Emotional Testimony in Casey Anthony Murder Trial
Three 911 calls, all placed by Cindy Anthony on July 15, 2008, were played for jurors this morning. After the final call in which Casey told the operator that her nanny had stolen Caylee, an emotional and exhausted looking Cindy Anthony asked for a break.
The calls to the police were placed after she and George Anthony picked up Casey Anthony's abandoned car that smelled of human decomposition from a tow yard. Each call shows Cindy Anthony becoming more emotional and alarmed for her granddaughter, Caylee.
Before calling 911, a frustrated Cindy Anthony called her daughter's friend, Amy Huizenga, and asked for help finding Casey.
Casey Anthony had told her family that she'd be returning from Jacksonville to Orlando with Caylee and a former boyfriend. That turned out to be a lie. Casey Anthony had just picked up Huizenga from the airport and was never in Jacksonville, Cindy Anthony testified.

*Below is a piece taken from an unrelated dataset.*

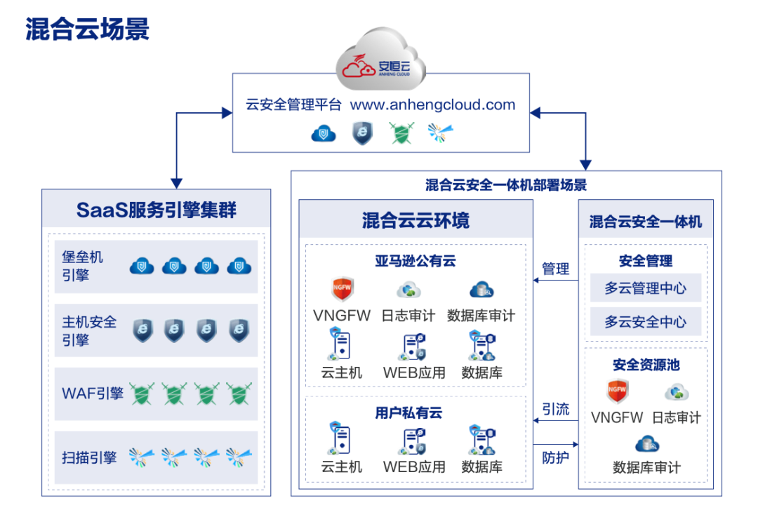 安恒云等保解决方案覆盖多云、混合云、公有云场景。
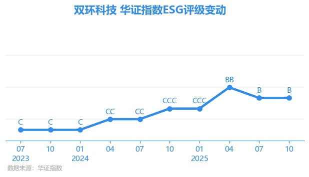 日前,华证指数公布了新一期(2025年10月31日)的ESG评级结果,双环科技(000707.SZ)获得B评级(华证指数评级为C起至AAA九档,C为最低档,AAA为其最高一级评级/AA为其第二档),上一期(2025年7月31日)ESG评级为B。本期ESG评级在494家化学制品行业A股上市公司中排名第177(上一期排名第166)。

Huizenga led Cindy Anthony to the apartment of boyfriend Tony Lazzaro where Casey had been staying for much of June and July.

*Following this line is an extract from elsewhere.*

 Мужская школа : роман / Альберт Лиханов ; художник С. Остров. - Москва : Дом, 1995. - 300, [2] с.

"I just asked her what she was doing there…I told her that she needed to talk to me, that we needed to talk," Cindy Anthony said.
Casey said that she would take her mother to the nanny who Caylee was staying with, but Cindy Anthony testified that they drove for some time and Casey Anthony started to make excuses about why they shouldn't visit the nanny.
Cindy Anthony spotted a police substation and pulled into the parking lot.
"I told her that if she wasn't going to give me the answers that I was going to get someone to help me get them," Cindy Anthony said.
When she realized the station closed at 5 p.m., she dialed 911 from her car, accusing her daughter of stealing money and her car. But the dispatcher said she needed to call the sheriff's office instead.
Cindy Anthony made the second 911 call from her home, and this time she said that she couldn't find her granddaughter.
While waiting for the authorities, Cindy Anthony overheard her daughter telling her son, Lee Anthony, that Casey had been missing for a month.
"I overheard her tell Lee that Caylee had been gone for 31 days and that Zany had taken her...I lost it and just went into the room and started yelling at Casey…I swore at her, hit the bed and ran out and called the police again," Cindy Anthony testified through tears.